Union of Opposites

In essence, human nature is constituted by a union of opposites and by a set of paradoxes, and as a result, the expectation on the part of some for perfect “behavior” even though it is unclear what a conception of perfect behavior would even look like in reality is outlandish. What does “perfect behavior” even look like in their imagination when we first and foremost live in an imperfect world? Moreover, certain people need to get challenged and offended as a check and balance to their abuse of freedom and power. Are we expected to be passive, one-dimensional, lifeless, and silent robots who do not react to the injustices that happen around us? As Arnold Toynbee wrote:

“Human nature is, in truth, a union of opposites that are not only incongruous but are contrary and conflicting; the spiritual and the physical; the divine and the animal; consciousness and subconsciousness; intellectual power and moral and physical weakness; unselfishness and self-centredness; saintliness and sinfulness; unlimited capacities and limited strength and time; in short, greatness and wretchedness: grandeur et misère. But the paradox does not end here. The conflicting elements in Human Nature are not only united there; they are inseparable from one another.”

Thus, if the opposites are inseparable, then what is this expectation of “perfect behavior” by some people? It follows that wretchedness is involved in virtually everything about a modern human being. And is it even up to us that we believe in what we ultimately believe in? 

It is perhaps because of this narrow worldview that China has risen as an alternative to Washington in recent years, and it is an alternative that is tailored specifically for those who are tired of people in Western capitals who cannot go beyond the limits of their narrow-mindedness. Emmanuel Macron’s recent trip to China, for instance, demonstrates three different factors of international affairs which are important but are often contended and disputed. For one, Macron’s visit to China demonstrates that China is now an alternative to Washington for those who are seeking a different and independent path in the international system. Second, Macron’s visit demonstrates the basic divide that exists in the outlook between Western peoples. Macron even criticized American foreign policy, which is a novel development in some ways. And third, this aforementioned divide between Western peoples proves that the West is not a monolith and that people in the West have different opinions and worldviews just like anywhere else in the world. 

Given that Macron’s visit to China elucidates the three basic and overarching themes of international affairs, the recent intel leak out of Washington contains nothing that is surprising or shocking. It is no surprise that Washington spies on its allies. And it is no surprise that Ukraine is a lost cause. And it is also no surprise that there are cracks in the U.S.-Israel relationship. It affirms to a certain extent the claim that “open intelligence is good enough.” 

There are also economic and social problems which leaders and policymakers have to reckon with, and for these problems there are no easy solutions as mentioned before. As one economist argued, the choice at the moment is between lower interest rates but high inflation on one hand, and higher interest rates, lower inflation, but a recession. However, the economic problems are secondary to the social crisis and the conundrum of finding a way to control the trifecta of greed, fearmongering and warmongering, and stupidity. At first, no one realizes the impact that greed, fear mongering, warmongering, and stupidity can have over the long run. Perhaps the solutions to the economic problems are readier than the solutions to the social crisis, and economics are driven to a large extent by political and social factors.

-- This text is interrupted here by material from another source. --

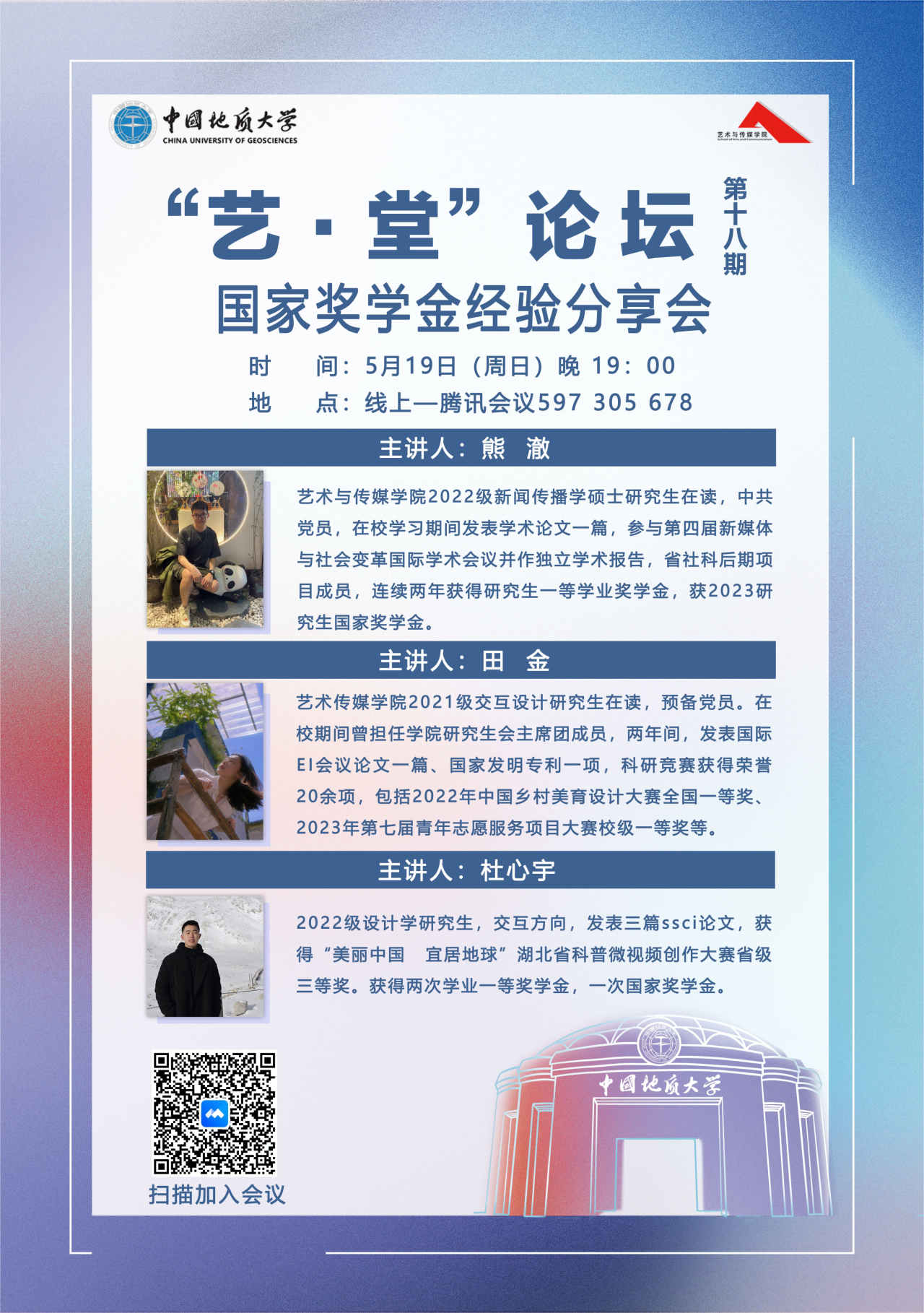 2024年5月19日晚上19:00,“艺·堂”论坛第十八期国家奖学金获得者经验分享会顺利举行。学院邀请了研究生熊澈、田金和杜心宇为同学们进行经验分享。本次讲座由兼职辅导员廖文琦主持。

The rise of China and growing demand are secondary to the issue of polarization and social fragmentation which is plaguing the international system at the moment. In sum, polarization and social fragmentation are the overriding factor of international affairs at the moment. There is the conundrum of how one can even justify controlling and regulating the greed, fearmongering, warmongering, and stupidity of others when the people whom we have in power at the moment are as greedy, corrupt, and stupid as anyone else. The question of how it is even possible to regulate greed, war, and stupidity is a question that has vexed philosophers and intellectuals for centuries. But to be out of touch with regular people, which is a common attribute and quality of those who are in power and are in the public sphere, can only make the conundrum and crisis worse. And if we take history as a guide, in the 1930’s for instance, polarization and social fragmentation was the precursor to the economic downturn. In turn, the polarization and social fragmentation combined with the economic downturn were the precursor to a global war which killed 60 million people throughout the globe. 

Polarization and social fragmentation could also lead to a permanent turn in the United States towards Christian fundamentalism and right-wing power, even though it is highly unlikely that such a permanent turn was the intent of the ‘Founding Fathers’ of the United States. All of it amounts to a result or an outcome of the basic failures of the system over the course of the last few decades, and as a result and as we have done over the last few years, one has to look into how and why the system failed and how the system can be rectified in order to overcome the conundrum and the social crisis which is underpinned first and foremost by the dangerous and precarious conditions of polarization and social fragmentation which could lead to something quite disastrous and profound sometime in the future.